Using this simple representation we can perform a simple convolution operation on the image to attempt to remove the noise. This is a standard technique in image processing and the main tool in the image processing toolbox for working with pixel representations like this. Unfortunately, as shown below, although the image is cleaned up it is not quite as sharp as we might like.

screen-shot-2016-12-05-at-21-21-20
Source: Digital Image Processing by Gonzalez & Woods

We could work more on trying out different types of convolution kernels and this would probably lead to some improvement, but we will hit a wall in terms of what can be achieved with this type of representation. Rather than trying to push against this wall, we can instead change the data representation.

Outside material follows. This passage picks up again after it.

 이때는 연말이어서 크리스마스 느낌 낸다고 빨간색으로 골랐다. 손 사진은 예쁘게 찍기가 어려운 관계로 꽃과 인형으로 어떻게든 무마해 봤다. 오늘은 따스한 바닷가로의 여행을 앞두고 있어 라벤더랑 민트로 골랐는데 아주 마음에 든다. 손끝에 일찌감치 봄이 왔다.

The fast Fourier transform is another standard tool in the digital image processing toolbox. This transforms the representation of an image from a set of pixel values into a set of frequencies, or converts the image into the frequency domain. Below we show our image of the astronaut on the surface of the moon represented in the frequency domain. The details of exactly what is going on here are not terribly important (although Chapter 4 of Digital Image Processing by Gonzalez & Woods goes into this in great detail and is fascinating stuff). What is important is that when we look at the frequency domain image below a set of bright points arranged in a ring around the image jump out. The noise that is corrupting this image is sinusoidal in nature (most likely cause by the camera being near a generator or other equipment like that) and so really pops out once the representation of the image is changed to the frequency domain.

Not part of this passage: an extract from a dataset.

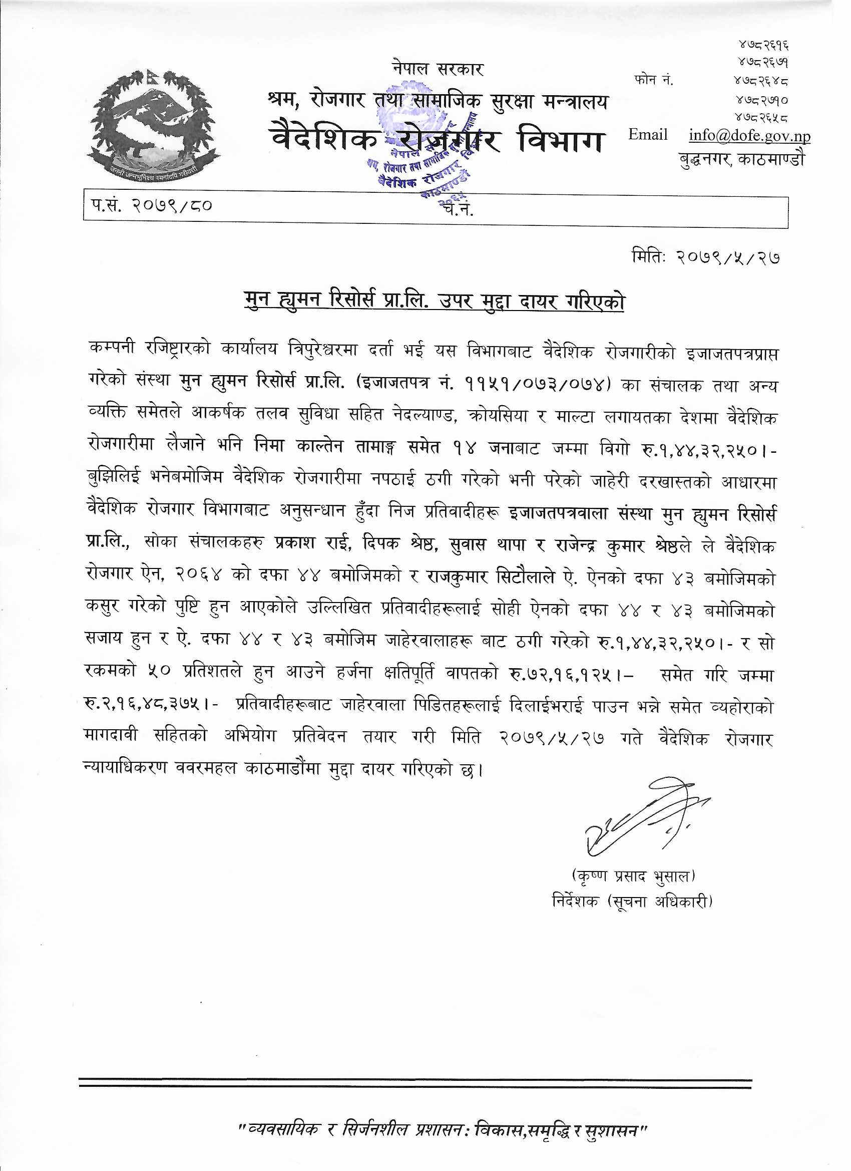 मुन ह्युमन रिसोर्स प्रा . लि. उपर मुद्धा दायर गरिएको

screen-shot-2016-12-05-at-21-20-58
Source: Digital Image Processing by Gonzalez & Woods

Even better removing the noise is now very easy. We can apply what is called a band pass filter which removes particular frequencies from the image – int his case the frequencies represented by the bright spots in the ring. After applying the band pass filter we get the lovely, sharp, clean image below.

screen-shot-2016-12-05-at-21-21-36
Source: Digital Image Processing by Gonzalez & Woods

Now, that was a lot of image processing for a post about data analytics but a lesson can be taken directly over to analytics projects. Often times changing our data representation is the most powerful thing we can do to generate better insights from our data. Here is a really simple example from the world of sabremetrics. The small dataset below shows the number of passes made and the number of passes completed in a season by 30 American football quarterbacks. Also shown in the value that the press corps placed on each quarterback at the end of the season.

Player Team Passes Attempted Passes Completed Player Value
D.Culpepper MIN 548 379 110.9
D.McNabb PHI 469 300 104.7
B.Griese TAM 336 233 102.5
M.Bulger STL 485 321 93.7
B.Favre GBP 540 346 92.4
J.Delhomme CAR 533 310 87.3
K.Warner NYG 277 174 86.5
M.Hasselbeck SEA 474 279 83.1
A.Brooks NOS 542 309 79.5
T.Rattay SFX 325 198 78.1
M.Vick ATL 321 181 78.1
J.Harrington DET 489 274 77.5
V.Testaverde DAL 495 297 76.4
P.Ramsey WAS 272 169 77.8
J.McCown ARI 408 233 74.1
P.Manning IND 497 336 113.1
D.Brees SDC 400 262 104.8
B.Roethlisberger PIT 295 196 98.1
T.Green KAN 556 369 95.2
T.Brady NEP 474 288 92.6
C.Pennington NYJ 370 242 91.0
B.Volek TEN 357 218 87.1
J.Plummer DEN 521 303 84.5
D.Carr HOU 466 285 83.5
B.Leftwich JAC 441 267 82.2
C.Palmer CIN 432 263 77.3
J.Garcia CLE 252 144 76.7
D.Bledsoe BUF 450 256 76.6
K.Collins OAK 513 289 74.8
K.Boller BAL 464 258 70.9

 

It would be useful to understand how the statistics we can measure about a player influence the value the press corps place on that player. the images below show scatter plots illustrating the relationships between player value and passes completed and player value and pass attempted. The correlation coefficients between each of these player statistics and player value are 0.15 and 0.453 respectively which suggest pretty weak associations.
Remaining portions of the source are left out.